Twitter Chief Says Company Will Fight Against Releasing Private Content

By Matt Wells, Guardian UK

23 September 12

 

he chief executive of Twitter, Dick Costolo, has said the company will continue to fight legal challenges brought against its users by officials who want access to their archived tweets.

Costolo said Twitter found itself in an invidious position in the case of Malcolm Harris, an Occupy Wall Street protester whose tweets were sought by prosecutors in New York.

Speaking at the Online News Association's annual conference in San Francisco, Costolo said: "We strongly believe it's important for us to defend our users' right to protest the forced publication of their private information."

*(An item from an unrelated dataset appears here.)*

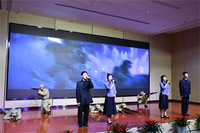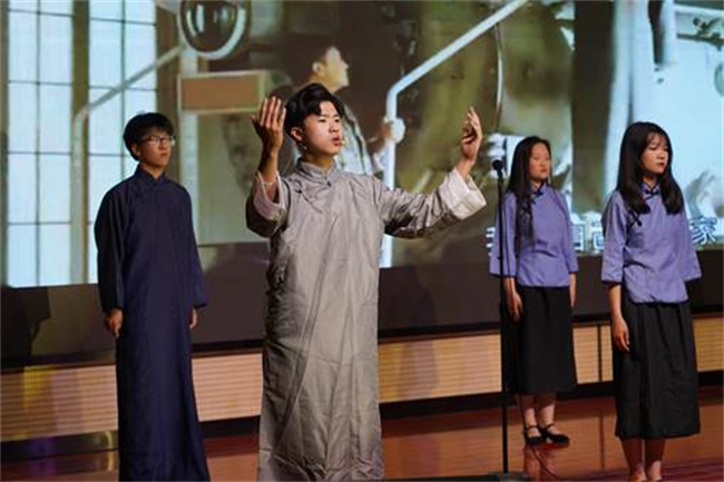 同學(xué)們?cè)谡b讀中回望歷史感悟紅色力量,使學(xué)校廣大青年學(xué)子對(duì)經(jīng)典浸潤(rùn)、文化育人有了更深刻的認(rèn)識(shí)和感悟。節(jié)目最后,歌曲《追尋》將活動(dòng)氛圍推向頂點(diǎn)。

He said the company had spent a large amount of its money and the time of its top in house legal resources to fight the Harris case. Earlier this month a court in New York ordered Twitter to turn over three months' worth of Harris's tweets relating to protests on Brooklyn Bridge in New York last year.

The court allowed for the information to be sealed until an appeal is heard. Costolo said Twitter was disappointed that it was forced to hand over the information in advance of the appeal, even in sealed form. "We have been put between a rock and a hard place," he said.

He acknowledged that Twitter faced wrangles over free speech all over the world and it did not have a "one-size-fits-all solution". He said: "There are things you can't say about Attaturk in Turkey because they are illegal but people hop on Twitter and say these things."

Costolo also addressed concerns associated with changes made to Twitter's API in recent months, which have provoked howls of criticism from within the developer community. "We haven't done as good a job of communicating the 'what' and 'why' as we should have done ... I think that has hurt us," he said.

He said Twitter would continue to develop new features, including the ability for users to download all their tweets. That would be available by the end of the year, he said – although he conceded that it was easy for him as CEO to make this promise. The engineer working on the project might have another view, he joked.